## Provided records

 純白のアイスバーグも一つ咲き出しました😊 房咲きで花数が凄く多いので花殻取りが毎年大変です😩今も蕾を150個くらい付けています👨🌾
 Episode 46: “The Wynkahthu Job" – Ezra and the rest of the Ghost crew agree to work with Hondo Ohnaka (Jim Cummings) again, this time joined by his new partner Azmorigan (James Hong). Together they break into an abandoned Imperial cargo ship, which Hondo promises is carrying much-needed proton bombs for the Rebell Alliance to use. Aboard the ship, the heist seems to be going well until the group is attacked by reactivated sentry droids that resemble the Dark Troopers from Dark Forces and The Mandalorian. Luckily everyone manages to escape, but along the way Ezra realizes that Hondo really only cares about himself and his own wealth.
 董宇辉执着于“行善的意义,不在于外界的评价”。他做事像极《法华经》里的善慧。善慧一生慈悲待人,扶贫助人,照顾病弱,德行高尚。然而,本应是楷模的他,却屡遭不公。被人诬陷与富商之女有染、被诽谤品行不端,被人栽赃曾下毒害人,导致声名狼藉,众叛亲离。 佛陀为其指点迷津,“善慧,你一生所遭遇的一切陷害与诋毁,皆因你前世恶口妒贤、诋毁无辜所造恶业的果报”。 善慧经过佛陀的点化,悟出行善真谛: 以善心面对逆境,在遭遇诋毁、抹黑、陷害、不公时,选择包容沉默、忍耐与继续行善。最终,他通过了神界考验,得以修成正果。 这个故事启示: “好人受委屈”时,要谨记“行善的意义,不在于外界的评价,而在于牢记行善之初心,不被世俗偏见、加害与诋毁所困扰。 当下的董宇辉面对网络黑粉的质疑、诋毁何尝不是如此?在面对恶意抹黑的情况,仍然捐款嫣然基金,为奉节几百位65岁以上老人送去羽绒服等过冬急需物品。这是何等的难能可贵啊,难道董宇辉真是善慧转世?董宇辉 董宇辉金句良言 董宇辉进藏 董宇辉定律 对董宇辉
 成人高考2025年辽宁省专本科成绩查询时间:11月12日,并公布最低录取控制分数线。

...

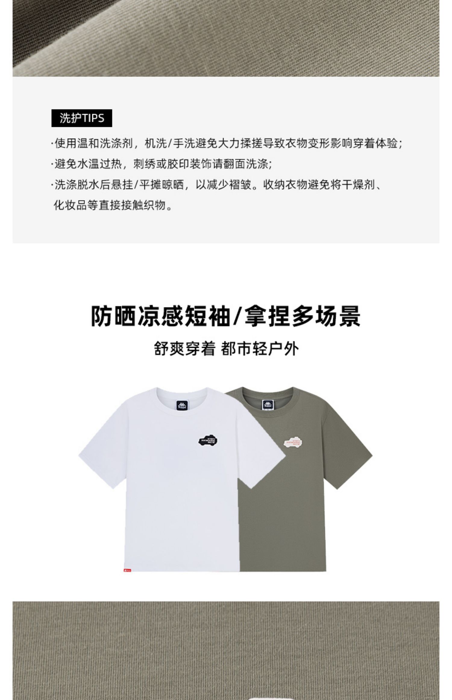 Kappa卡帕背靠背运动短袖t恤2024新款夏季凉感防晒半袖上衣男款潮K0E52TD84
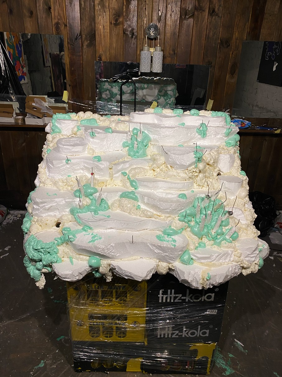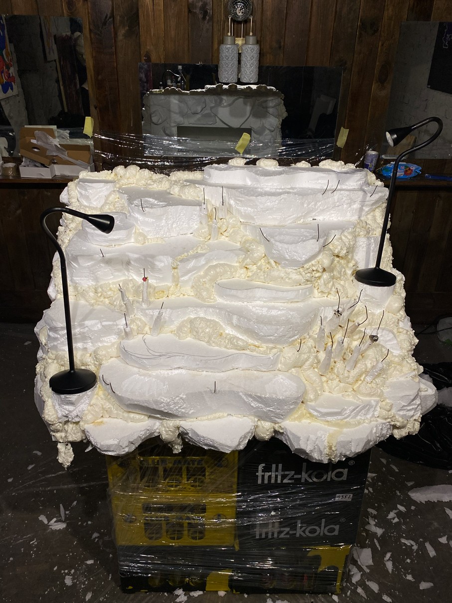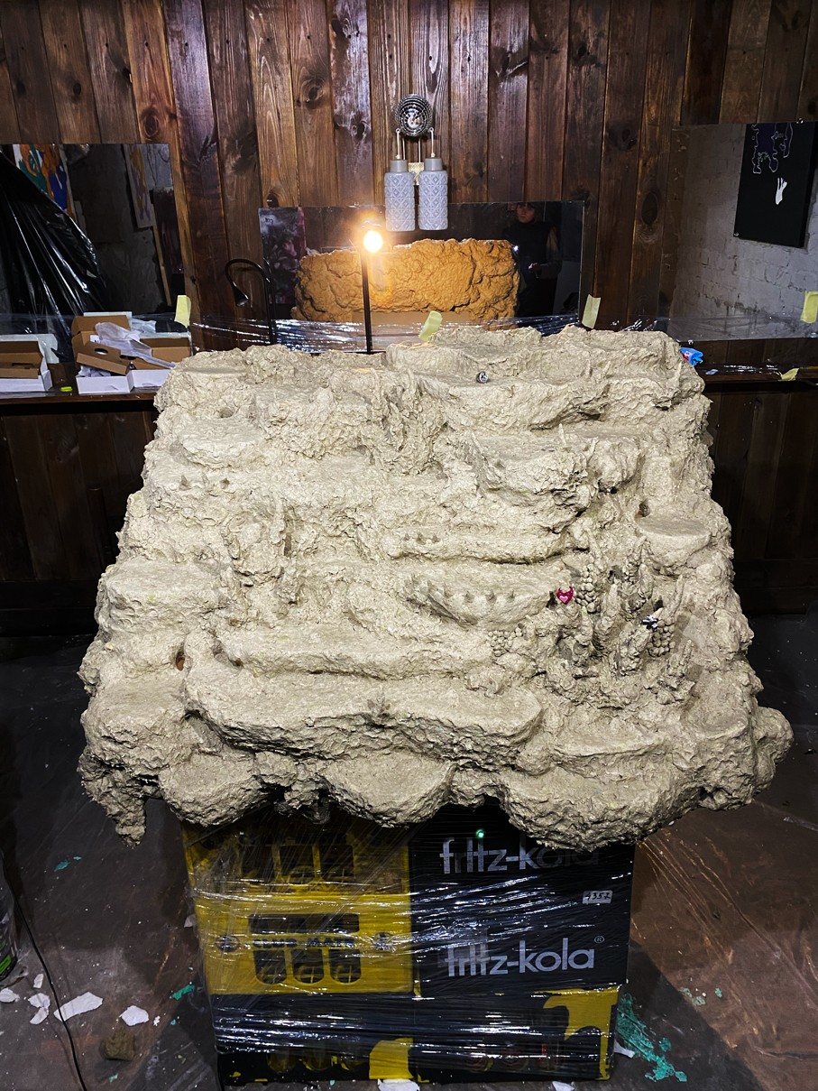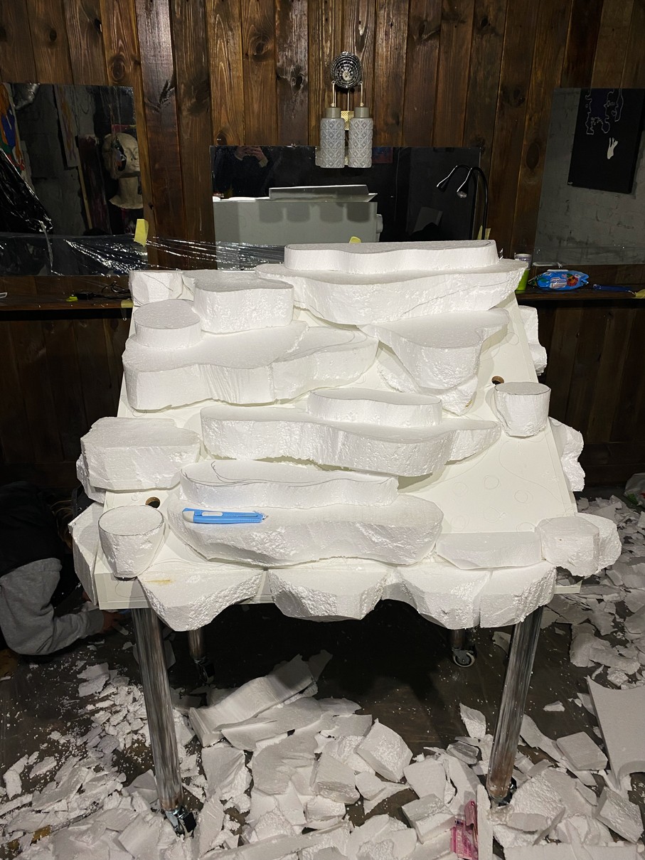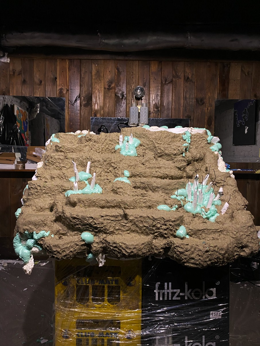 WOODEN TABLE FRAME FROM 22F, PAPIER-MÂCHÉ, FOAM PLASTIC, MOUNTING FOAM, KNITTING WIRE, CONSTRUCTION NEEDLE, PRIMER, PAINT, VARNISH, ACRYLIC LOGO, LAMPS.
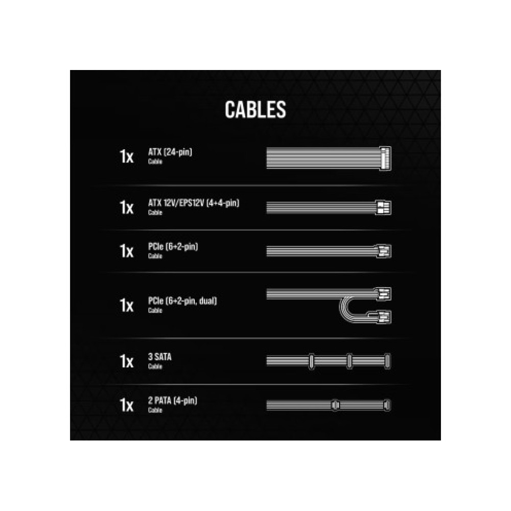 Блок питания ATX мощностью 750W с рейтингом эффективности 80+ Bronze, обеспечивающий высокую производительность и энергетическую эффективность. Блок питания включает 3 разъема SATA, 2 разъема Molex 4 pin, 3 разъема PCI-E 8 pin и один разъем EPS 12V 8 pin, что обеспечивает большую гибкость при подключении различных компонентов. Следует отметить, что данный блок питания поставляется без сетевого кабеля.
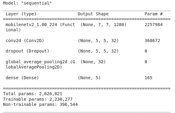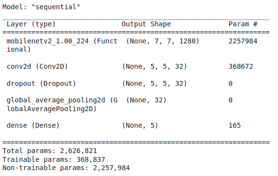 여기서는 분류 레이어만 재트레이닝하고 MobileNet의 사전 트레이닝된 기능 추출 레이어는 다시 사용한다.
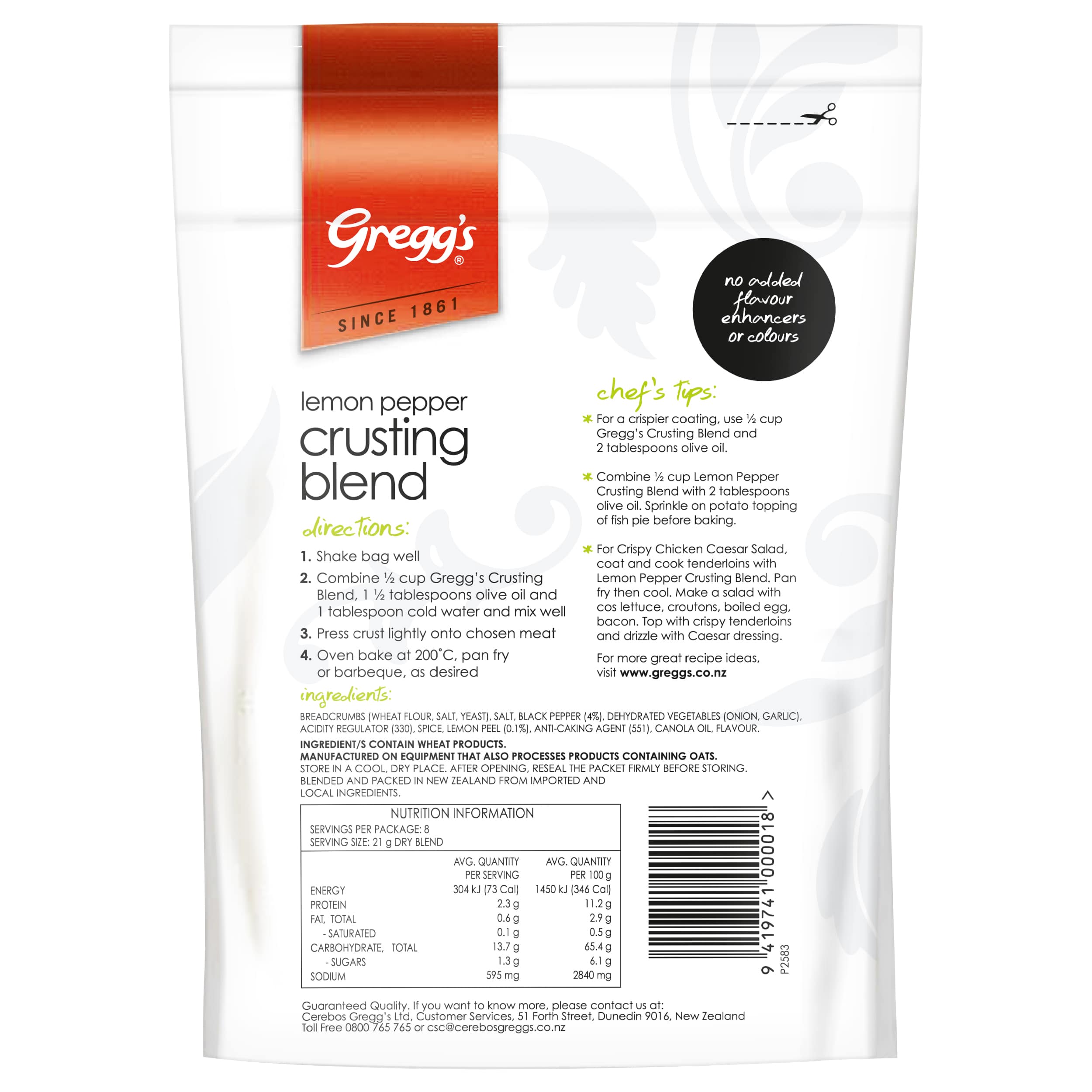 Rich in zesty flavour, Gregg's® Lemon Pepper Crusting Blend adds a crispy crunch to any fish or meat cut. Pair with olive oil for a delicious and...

## Activity
Set down, exactly as they appear above, all lines from the one that has "純白のアイスバーグも一つ咲き" down to the one that has "his own wealth.", including those two and no others.

## Response to the task
 純白のアイスバーグも一つ咲き出しました😊 房咲きで花数が凄く多いので花殻取りが毎年大変です😩今も蕾を150個くらい付けています👨🌾
 Episode 46: “The Wynkahthu Job" – Ezra and the rest of the Ghost crew agree to work with Hondo Ohnaka (Jim Cummings) again, this time joined by his new partner Azmorigan (James Hong). Together they break into an abandoned Imperial cargo ship, which Hondo promises is carrying much-needed proton bombs for the Rebell Alliance to use. Aboard the ship, the heist seems to be going well until the group is attacked by reactivated sentry droids that resemble the Dark Troopers from Dark Forces and The Mandalorian. Luckily everyone manages to escape, but along the way Ezra realizes that Hondo really only cares about himself and his own wealth.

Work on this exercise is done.